Add `HF_TOKEN` to secrets, paste value and toggle on for this notebook.

In [None]:
# Log in to HuggingFace

hf_token = os.environ['HF_TOKEN']
#login(hf_token, add_to_git_credential=True)
login()

In [28]:
# One more import after logging in
import sys
sys.path.append('../testing/')
from items import Item

# Investigate Chosen Dataset to Verify Suitability

## Step 1. Load in dataset

Number of Appliances: **94,327**

In [None]:
# Load in our dataset

dataset = load_dataset("McAuley-Lab/Amazon-Reviews-2023", f"raw_meta_Appliances", split="full", trust_remote_code=True)

In [None]:
print(f"Number of Appliances: {len(dataset):,}")
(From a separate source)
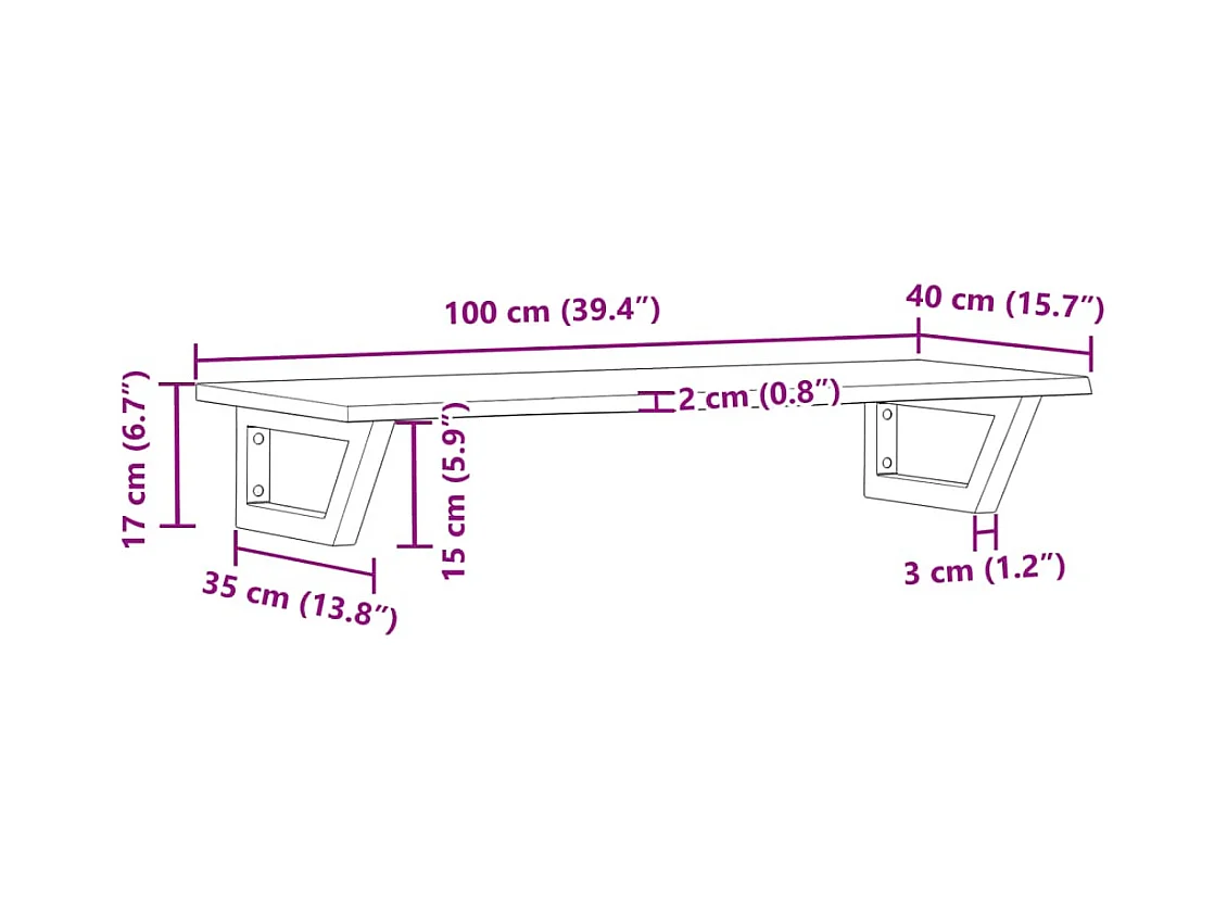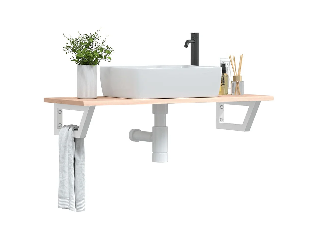 Prateleira de parede p/ lavatório aço/madeira carvalho maciça

## Step 2. Investigate a particular datapoint

> Clothes Dryer Drum Slide, General Electric, Hotpoint, WE1M333, WE1M504
>
> ['Brand new dryer drum slide, replaces General Electric, Hotpoint, RCA, WE1M333, WE1M504.']
> []
> {"Manufacturer": "RPI", "Part Number": "WE1M333,", "Item Weight": "0.352 ounces", "Package Dimensions": "5.5 x 4.7 x 0.4 inches", "Item model number": "WE1M333,", "Is Discontinued By Manufacturer": "No", "Item Package Quantity": "1", "Batteries Included?": "No", "Batteries Required?": "No", "Best Sellers Rank": {"Tools & Home Improvement": 1315213, "Parts & Accessories": 181194}, "Date First Available": "February 25, 2014"}
>
> None

In [None]:
# Investigate a particular datapoint
datapoint = dataset[2]

In [None]:
# Investigate

print(datapoint["title"])
print(datapoint["description"])
print(datapoint["features"])
print(datapoint["details"])
print(datapoint["price"])

## Step 3. How many have prices? Are there enough for training, validation, and testing?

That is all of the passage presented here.